Memento mortuum tuum…

Опубликовано: 18 апреля 2017 г.
Рубрики:

 

Одно только и остаётся в нынешнем моём, довольно-таки невразумительном положении: «роскошь человеческого общения». Вчера снова два часа проболтали с Эзрой. Казалось бы, о чём мне, сыну учителя, внуку раввина, профессору психиатрии, рассуждать с простым кузнецом, необразованным, словно дитя природы, притом на 24 года меня старше – а в нашу пору и десять лет целую эпоху составляли. Когда говорю «старше», подразумеваю тамошний год рождения. Здесь-то все мы – молодцы удалые, удальцы молодые: кому тридцать, кому сорок, а некоторым дамочкам так и по восемнадцать («Токи-токи из гимназии», говаривали в пору моей предреволюционной юности).

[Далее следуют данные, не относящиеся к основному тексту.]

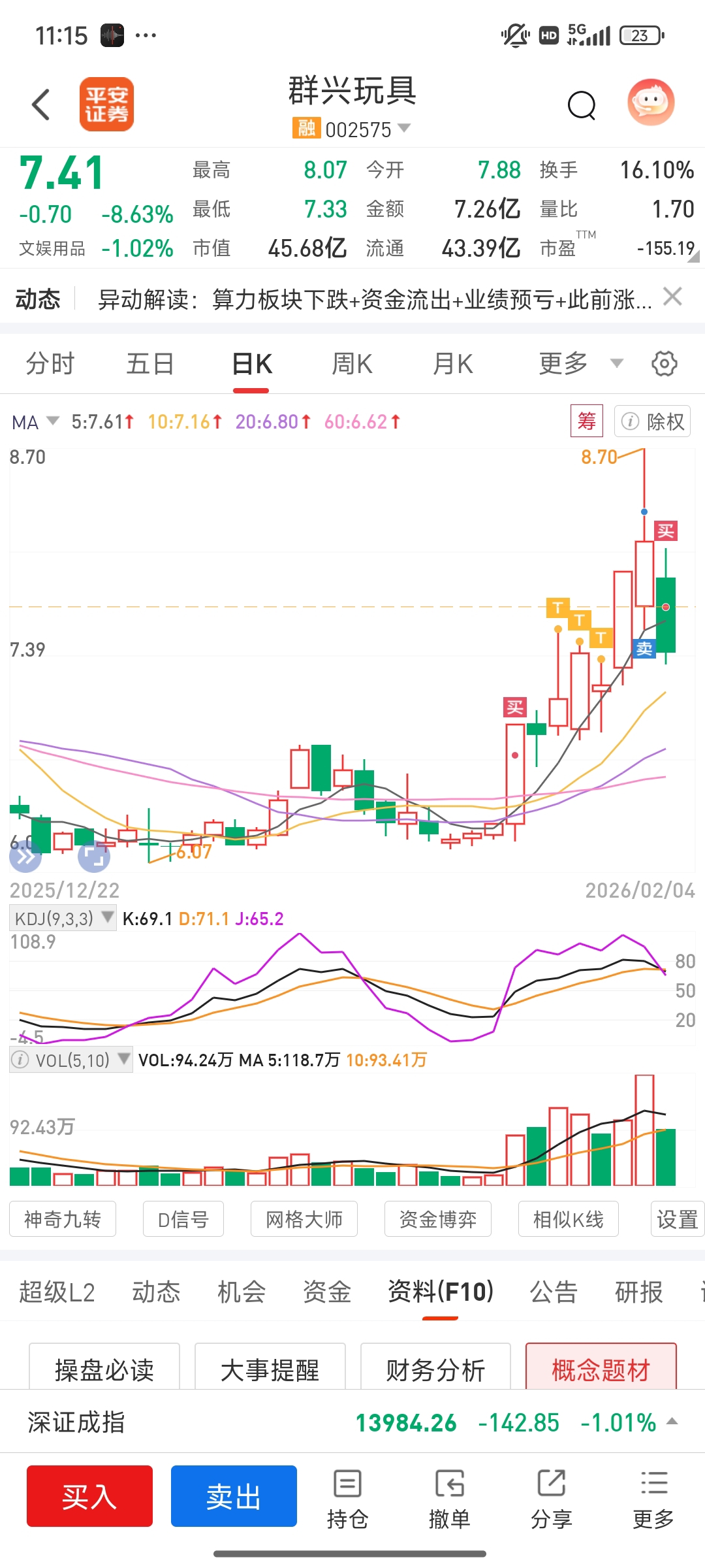 板块集体走弱,老庄出货。利润回撤,明日离场。回踩企稳后再来

Проще сказать, с каким возрастом сам себя отождествляешь, на те года и выглядишь. Не считая детей… только это совсем уж печальная история…

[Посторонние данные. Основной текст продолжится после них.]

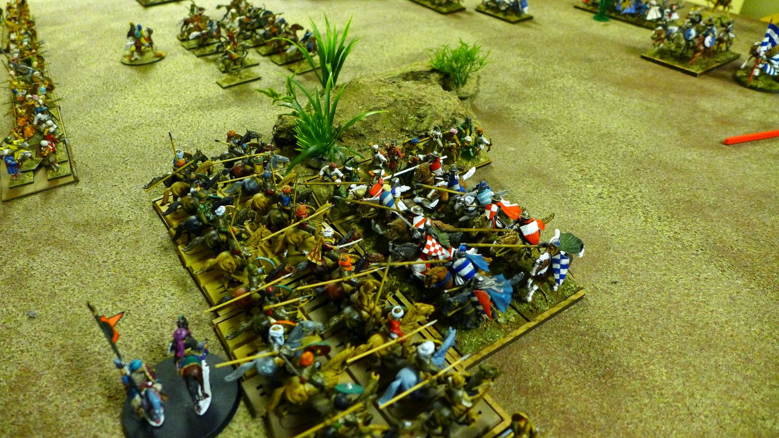 The knights inflicted heavy casualties in their flank but it was not enough to turn the flank around and hit the enemy in the centre from the side.

Возвращаясь к Эзре, и знать-то я его в жизни не знал, даже не подозревал о его существовании. А вот поди ж ты, прилепились друг к дружке не на шутку: вызывают нас всегда вместе, да вроде как и не чужие мы теперь. И вовсе не таким оказался он простачком, как прикидывался. Пусть у Эзры всего только два класса хедера за плечами, и по-русски говорит - обхохочешься: путает, например, слова «дверь» и «зверь», потому что на идиш тоже похоже, «тюр» и «тир». Но смекалки у него, или, по-нынешнему выражаясь, интеллекта – хоть отбавляй. Mыслит Эзра интуитивными категориями, и зaчастую прогнозы его – насчёт той, верхней жизни (впрочем, вполне возможно, как раз наоборот, нижней) – так вот, его предсказания сбываются чаще, чем мои собственные. Особенно в вопросах, касающихся еврейского народа, иудаизма и Израиля: он свято чтит Тору, помнит наизусть длинные пассажи, и черпает оттуда свои ответы. Впрочем, у него и впечатления посвежее: он хоть и родился задолго до меня, но скончался пятью годами позже…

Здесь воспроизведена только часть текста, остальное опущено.